§ What you need to do
Could you output each line below precisely as it stands, without the images?

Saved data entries
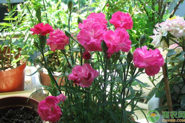3、澆水 999中國苗木網,999miaomu.com 康乃馨葉片比較肥厚,澆水時按干則澆透的原則,植株不能積水,一旦積水康乃馨就容易黃葉干花苞。。生長時期可以適當多澆,其它時候都要控水,花土濕潤就好。 苗木網,www.jin1234.com 4、光照 苗木網,www.jin1234.com 康乃馨比較喜歡冷涼的季節,在秋冬季節長勢比較旺盛,但是到了夏天就比較怕熱,一定要遮陰養護。其余季節康乃馨養護時每天給予植株6-8小時的自然光即可。 999中國苗木網,www.jin1234.com
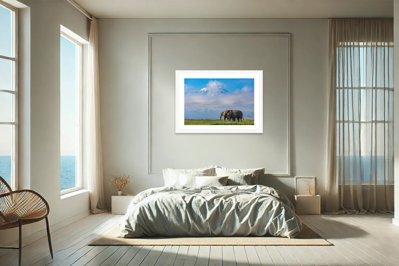 Giants of Kilimanjaro captures a pair of elephants making their way across the open plains of Amboseli National Park, framed by the snow-capped peak of Mount Kilimanjaro rising through the clouds. This fine art wildlife photograph of Giants of Kilimanjaro celebrates the harmony between Africa’s largest land animals and one of its most iconic landscapes, uniting two important symbols of the region in a single frame.
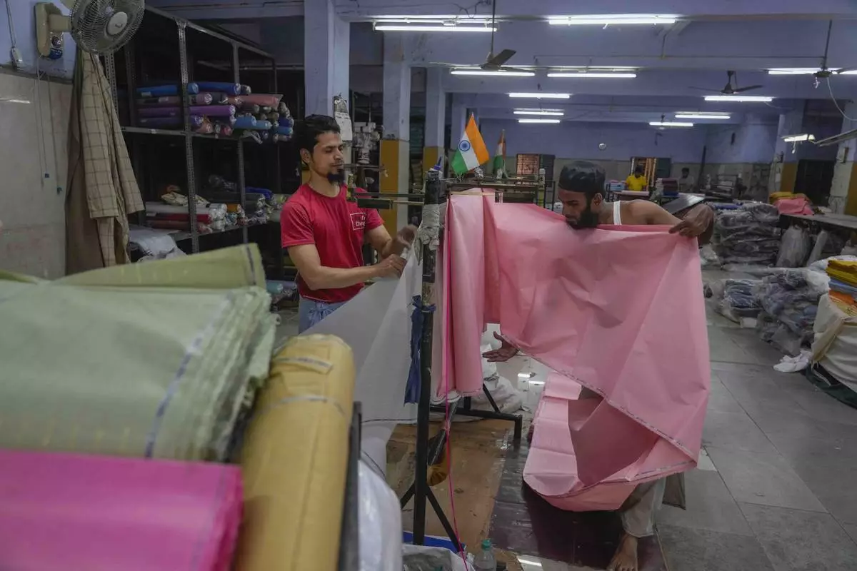Workers measure cloth at a power weaving loom workshop in Bhiwandi, India, Feb. 27, 2025. (AP Photo/Rafiq Maqbool)
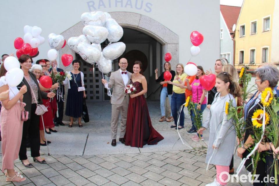 Beide lernten sich vor einigen Jahren durch ihr gemeinsames Hobby „Auto“ kennen. Eine Autopanne brachte schließlich die beiden endgültig zusammen. Nach der offiziellen Eheschließung wurde das Brautpaar vor dem Rathaus von Arbeitskollegen und Bekannten erwartet. Kollegen und Kolleginnen des Bräutigams von der Firma Vantage Film GmbH in Weiden und Kolleginnen sowie der Chef der Praxis für Allgemeinmedizin Dr. Neumann am Stadtplatz, in der die Braut beschäftigt ist, bildeten mit Luftballons in Herzform und Sonnenblumen ein Spalier.
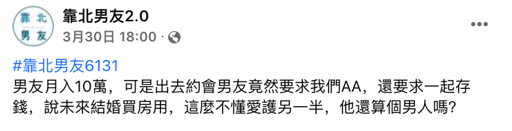 ▼原po在貼文中說,男友月收入10萬元,但每次出門約會都要求AA制。男友還說兩人要一起存錢,這樣以後結婚才有買房基金。原po完全不理解男友的行為,她認為對方實在太不懂得愛護另一半了,不禁抱怨:「他還算個男人嗎?」
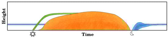The first of the insect characteristics that have to be taken into account is their vertical evolution throughout the day. The depth of the insect layer follows the diurnal variation of the atmospheric boundary layer (ABL) with a minimum during the night-time, sharply increasing in the morning, and reaching a maximum in the afternoon. According to this daily evolution, represented in Figure 2, crepuscular, diurnal, and nocturnal insects can be identified with almost no overlap between them. Crepuscular species take off during the morning twilight period, with small numbers and a generally short-lived flight, although they occasionally continue for some time, and day-time layers are reported [44]. Day-flying migrants take off from mid-morning onward, as atmospheric convection develops, and generally descend in the late afternoon; occasionally, small numbers of day-flying species continue their migration into the night [44]. Nocturnal species typically have a mass take off at dusk and fly throughout the night following the stratification of the nocturnal BL [47,48,49,50,51]. Therefore, they tend to concentrate into layers of shallow depth but broad horizontal extent [52,53,54,55].
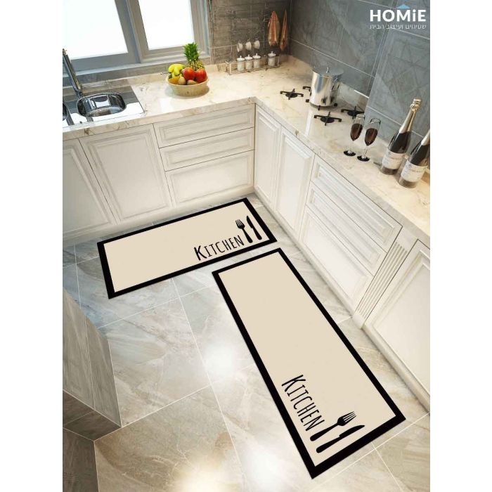 שטיח פי וי סי (לינולאום) מודרני למטבח Kitchen דגם קנדריק 07 בצבעי בז' ושחור. השטיח היוקרתי יתאים גם לשאר החללים בבית ומחוצה לו (חנות, משרד, אולם אירועים ועוד). השטיח מגיע עם כיתוב ואיור מדליקים שמשדרגים אותו בכמה רמות. השטיח מיוצר ברמות הגימור הגבוהות בעולם ובעל שכבה נגד החלקה המעניקה לו יציבות על הקרקע. בנוסף הוא חזק, עמיד במים, נעים למגע, פרקטי וקל מאוד לניקוי.

§ Reply
3、澆水 999中國苗木網,999miaomu.com 康乃馨葉片比較肥厚,澆水時按干則澆透的原則,植株不能積水,一旦積水康乃馨就容易黃葉干花苞。。生長時期可以適當多澆,其它時候都要控水,花土濕潤就好。 苗木網,www.jin1234.com 4、光照 苗木網,www.jin1234.com 康乃馨比較喜歡冷涼的季節,在秋冬季節長勢比較旺盛,但是到了夏天就比較怕熱,一定要遮陰養護。其余季節康乃馨養護時每天給予植株6-8小時的自然光即可。 999中國苗木網,www.jin1234.com
 Giants of Kilimanjaro captures a pair of elephants making their way across the open plains of Amboseli National Park, framed by the snow-capped peak of Mount Kilimanjaro rising through the clouds. This fine art wildlife photograph of Giants of Kilimanjaro celebrates the harmony between Africa’s largest land animals and one of its most iconic landscapes, uniting two important symbols of the region in a single frame.
Workers measure cloth at a power weaving loom workshop in Bhiwandi, India, Feb. 27, 2025. (AP Photo/Rafiq Maqbool)
 Beide lernten sich vor einigen Jahren durch ihr gemeinsames Hobby „Auto“ kennen. Eine Autopanne brachte schließlich die beiden endgültig zusammen. Nach der offiziellen Eheschließung wurde das Brautpaar vor dem Rathaus von Arbeitskollegen und Bekannten erwartet. Kollegen und Kolleginnen des Bräutigams von der Firma Vantage Film GmbH in Weiden und Kolleginnen sowie der Chef der Praxis für Allgemeinmedizin Dr. Neumann am Stadtplatz, in der die Braut beschäftigt ist, bildeten mit Luftballons in Herzform und Sonnenblumen ein Spalier.
 ▼原po在貼文中說,男友月收入10萬元,但每次出門約會都要求AA制。男友還說兩人要一起存錢,這樣以後結婚才有買房基金。原po完全不理解男友的行為,她認為對方實在太不懂得愛護另一半了,不禁抱怨:「他還算個男人嗎?」
The first of the insect characteristics that have to be taken into account is their vertical evolution throughout the day. The depth of the insect layer follows the diurnal variation of the atmospheric boundary layer (ABL) with a minimum during the night-time, sharply increasing in the morning, and reaching a maximum in the afternoon. According to this daily evolution, represented in Figure 2, crepuscular, diurnal, and nocturnal insects can be identified with almost no overlap between them. Crepuscular species take off during the morning twilight period, with small numbers and a generally short-lived flight, although they occasionally continue for some time, and day-time layers are reported [44]. Day-flying migrants take off from mid-morning onward, as atmospheric convection develops, and generally descend in the late afternoon; occasionally, small numbers of day-flying species continue their migration into the night [44]. Nocturnal species typically have a mass take off at dusk and fly throughout the night following the stratification of the nocturnal BL [47,48,49,50,51]. Therefore, they tend to concentrate into layers of shallow depth but broad horizontal extent [52,53,54,55].
 שטיח פי וי סי (לינולאום) מודרני למטבח Kitchen דגם קנדריק 07 בצבעי בז' ושחור. השטיח היוקרתי יתאים גם לשאר החללים בבית ומחוצה לו (חנות, משרד, אולם אירועים ועוד). השטיח מגיע עם כיתוב ואיור מדליקים שמשדרגים אותו בכמה רמות. השטיח מיוצר ברמות הגימור הגבוהות בעולם ובעל שכבה נגד החלקה המעניקה לו יציבות על הקרקע. בנוסף הוא חזק, עמיד במים, נעים למגע, פרקטי וקל מאוד לניקוי.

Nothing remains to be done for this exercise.